Give back, word for word, the lines in the listing below from the one holding "上記①-3.で設定したバック" down to the one holding "目前常見的行星攪拌機(jī)", both ends included.

Data section ->
----

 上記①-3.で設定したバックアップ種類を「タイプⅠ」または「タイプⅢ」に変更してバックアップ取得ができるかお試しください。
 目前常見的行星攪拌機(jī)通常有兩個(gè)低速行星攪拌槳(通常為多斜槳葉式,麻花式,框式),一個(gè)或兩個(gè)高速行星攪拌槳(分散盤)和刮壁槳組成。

----

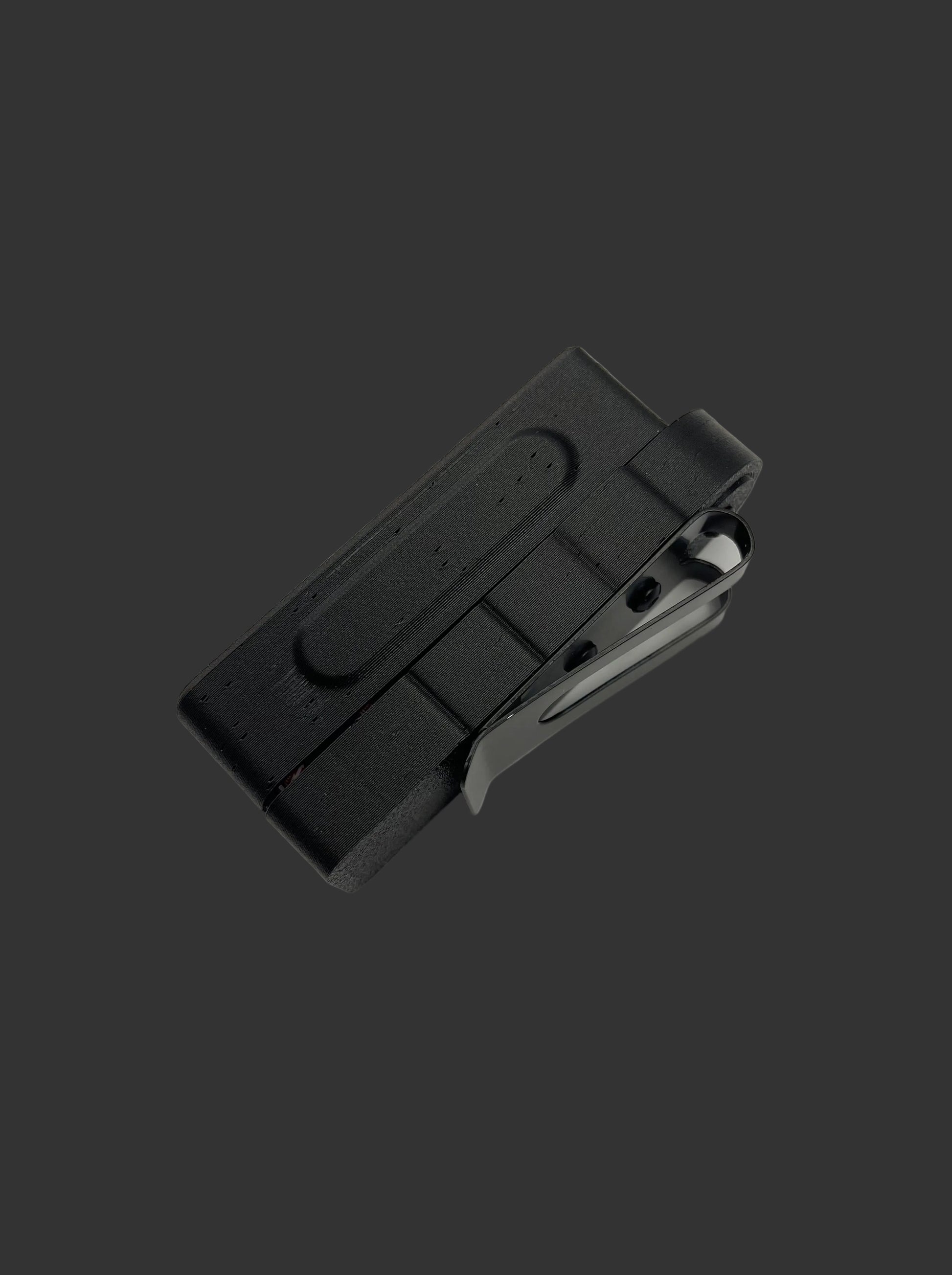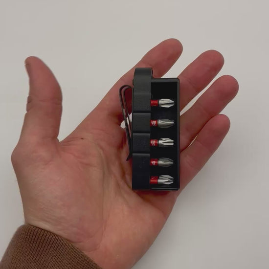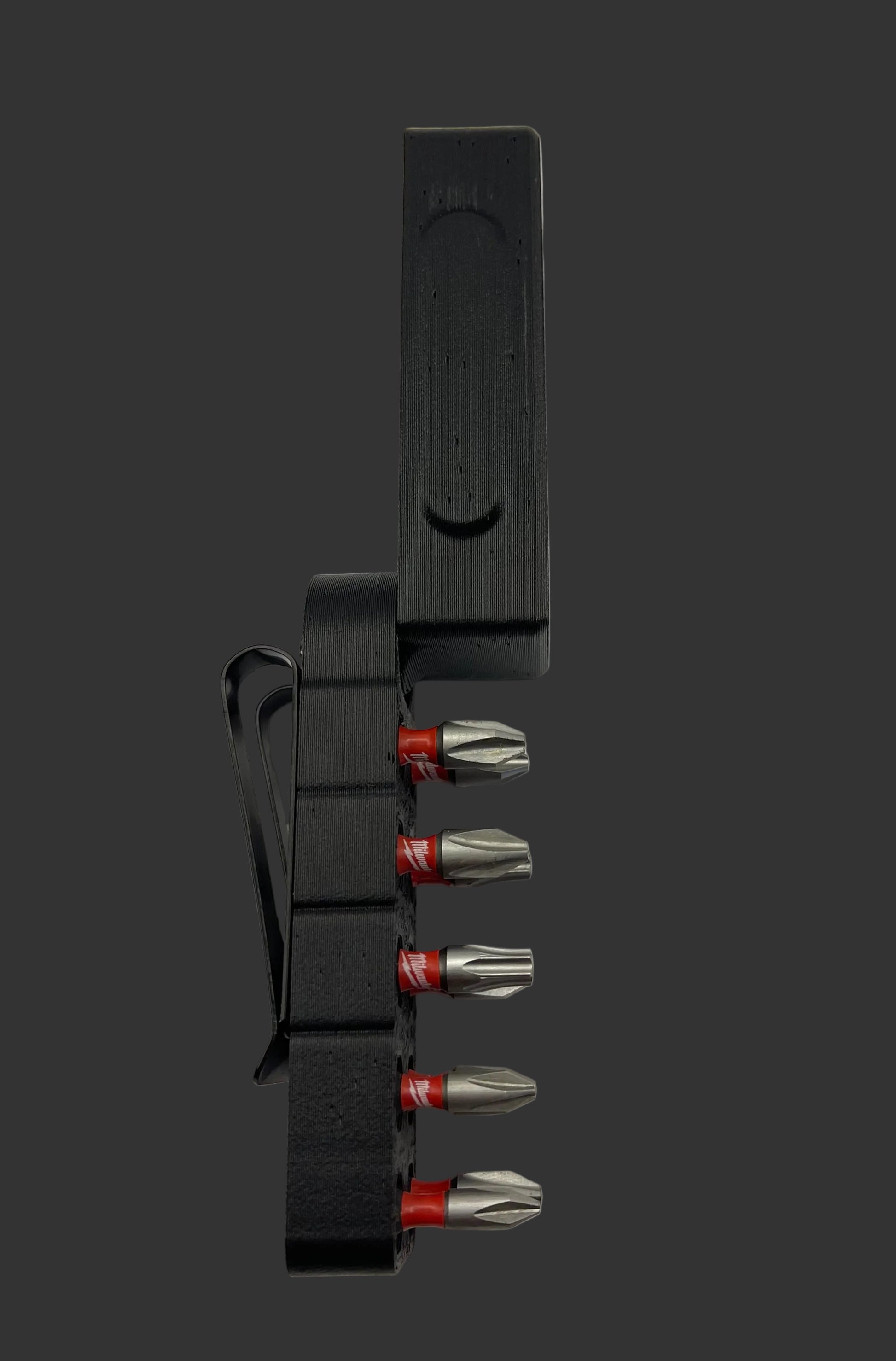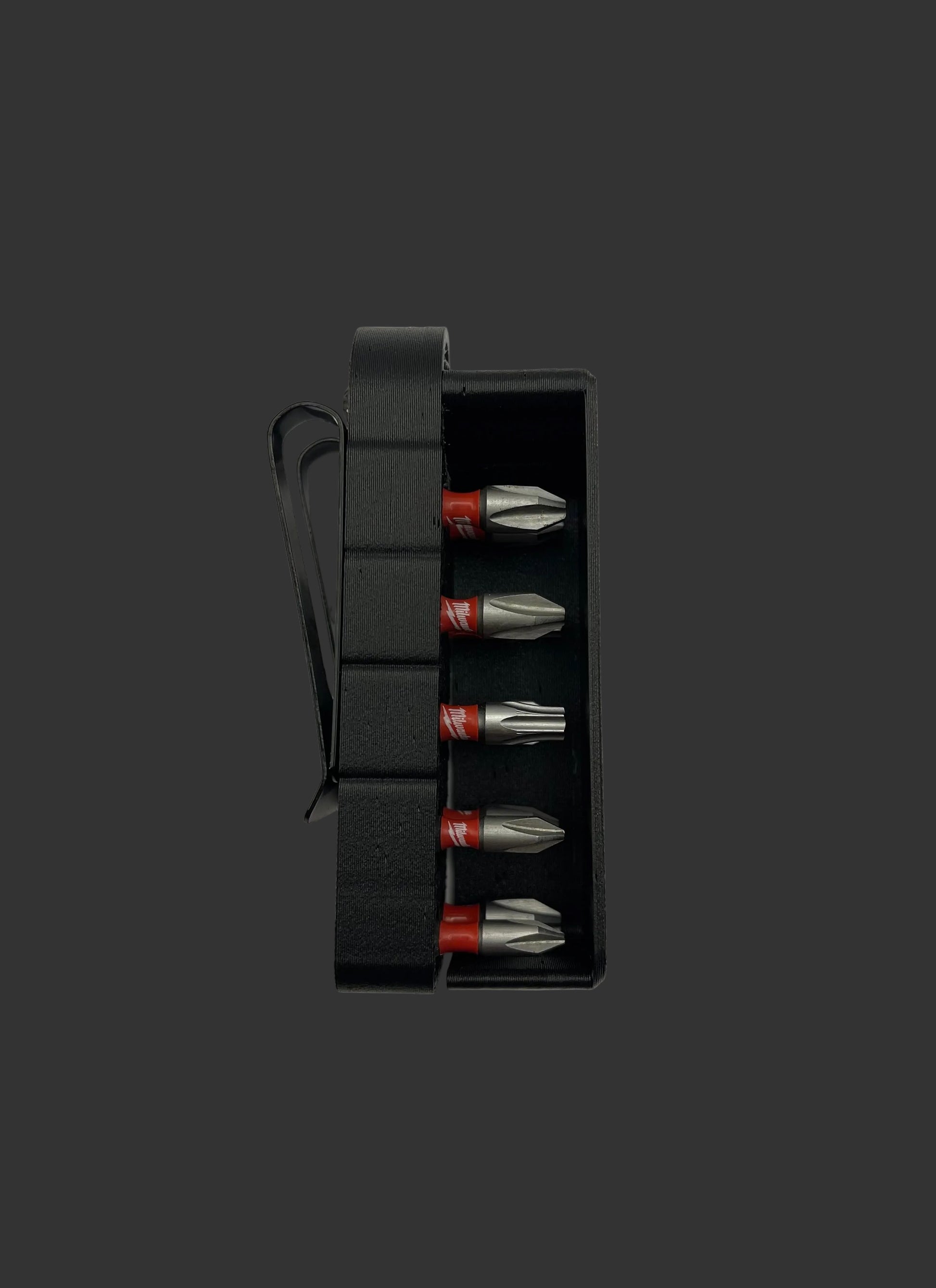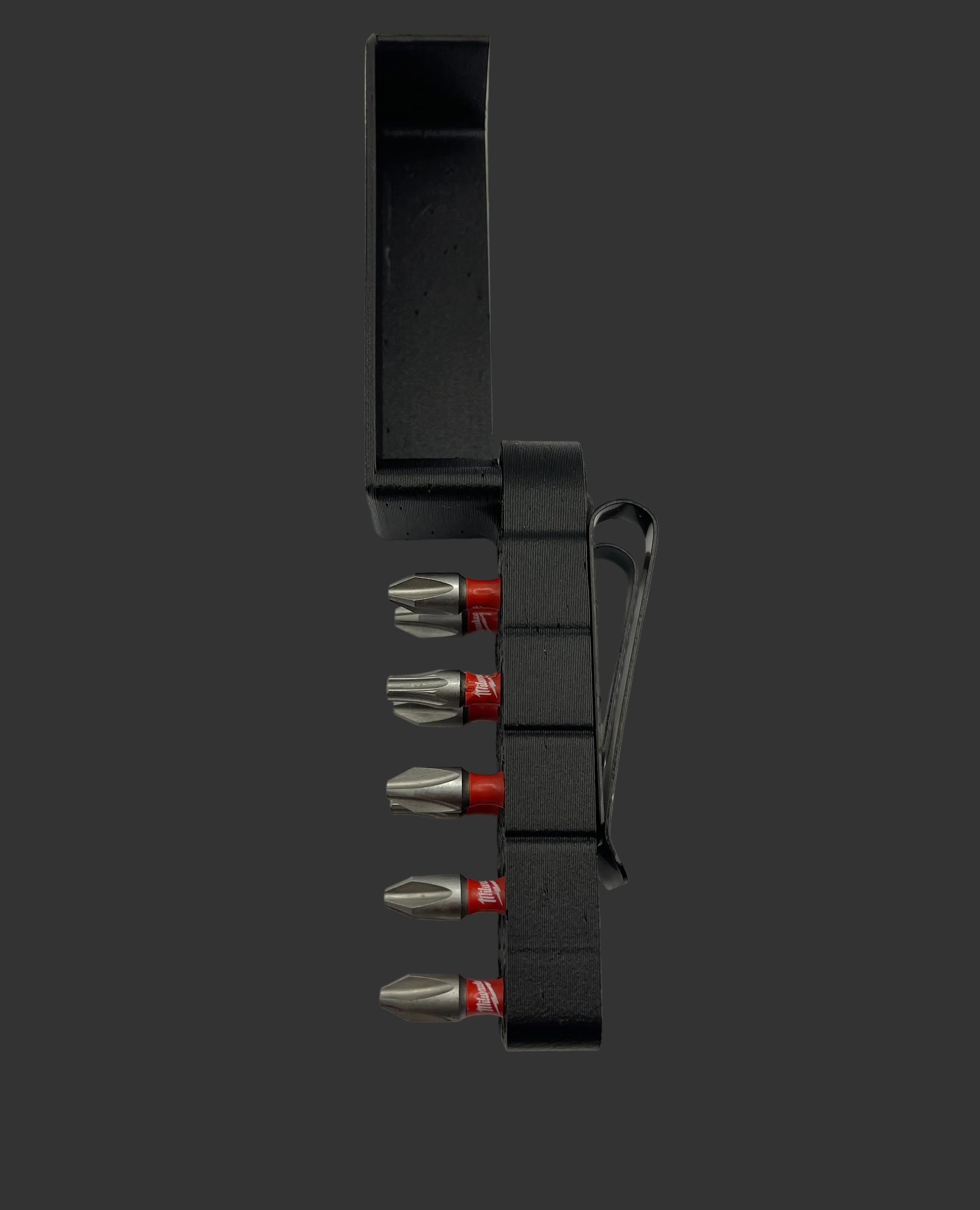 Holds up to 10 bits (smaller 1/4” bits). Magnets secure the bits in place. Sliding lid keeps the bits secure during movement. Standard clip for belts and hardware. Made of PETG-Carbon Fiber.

----

Your response ->
 上記①-3.で設定したバックアップ種類を「タイプⅠ」または「タイプⅢ」に変更してバックアップ取得ができるかお試しください。
 目前常見的行星攪拌機(jī)通常有兩個(gè)低速行星攪拌槳(通常為多斜槳葉式,麻花式,框式),一個(gè)或兩個(gè)高速行星攪拌槳(分散盤)和刮壁槳組成。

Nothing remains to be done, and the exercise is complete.